Minister of Agriculture
- In office 5 November 1945 – 19 November 1951
- Prime Minister: Einar Gerhardsen
- Preceded by: Einar Frogner
- Succeeded by: Rasmus Nordbø

Member of the Norwegian Parliament
- In office 4 December 1945 – 30 September 1961
- Constituency: Hedmark

Mayor of Stange Municipality
- In office 1 January 1926 – 5 November 1945
- Preceded by: Martin Hestnæs
- Succeeded by: Chr. Stensbak

Personal details
- Born: 16 February 1887 Vestre Toten, Oppland, Sweden-Norway
- Died: 23 December 1976 (aged 89)
- Party: Labour

= Kristian Fjeld =

Norwegian politician

Kristian Fjeld (16 February 1887 – 23 December 1976) was a Norwegian politician for the Labour Party. He was Minister of Agriculture from 1945 to 1951.
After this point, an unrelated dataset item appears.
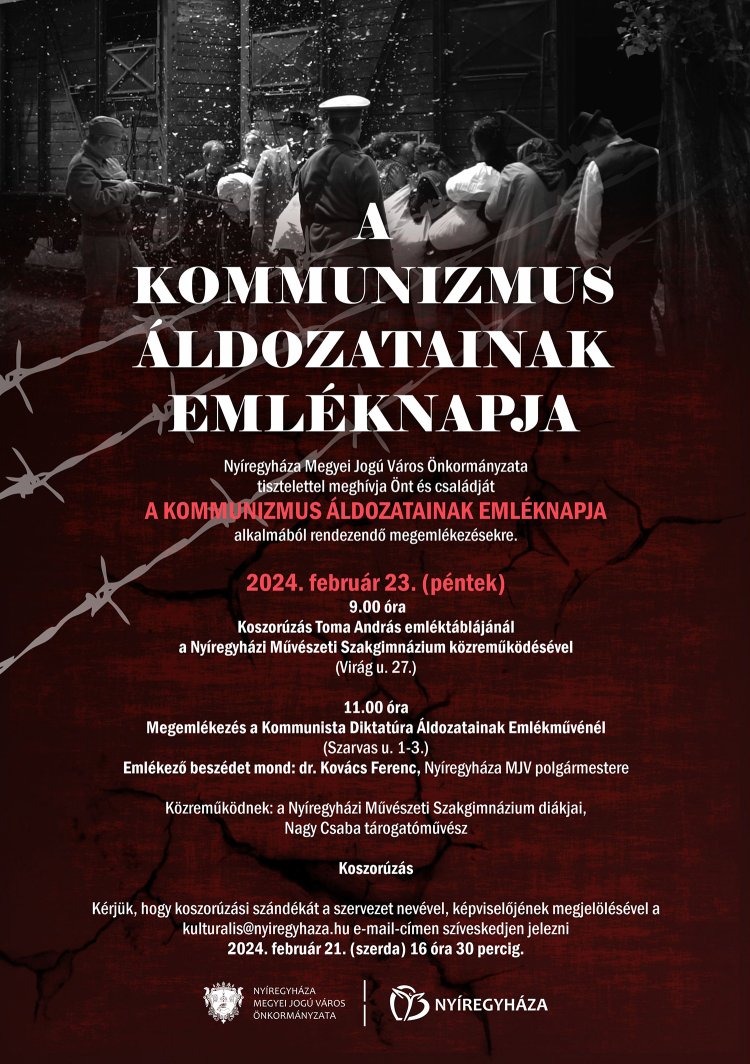 Nyíregyháza Megyei Jogú Város Önkormányzata minden kedves érdeklődőt meghív február 23-án (pénteken), a Kommunizmus Áldozatainak Emléknapja alkalmából rendezett megemlékezésekre.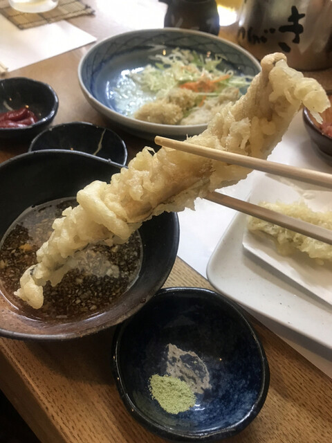 天ぷら盛り合わせは、海老、椎茸、ナス、お魚、さつまいも、かぼちゃ、オクラ、かき揚げとたくさんの...

Fjeld comes from Vestre Toten Municipality in Oppland county, but it was as a local politician in Stange Municipality and as a member of the parliament for Hedmark that he made his contributions to Norwegian politics.

During the occupation of Norway by Nazi Germany he was imprisoned in Hamar on 29 August 1942, and incarcerated in Grini concentration camp from 1 September 1942 to the war's end in May 1945.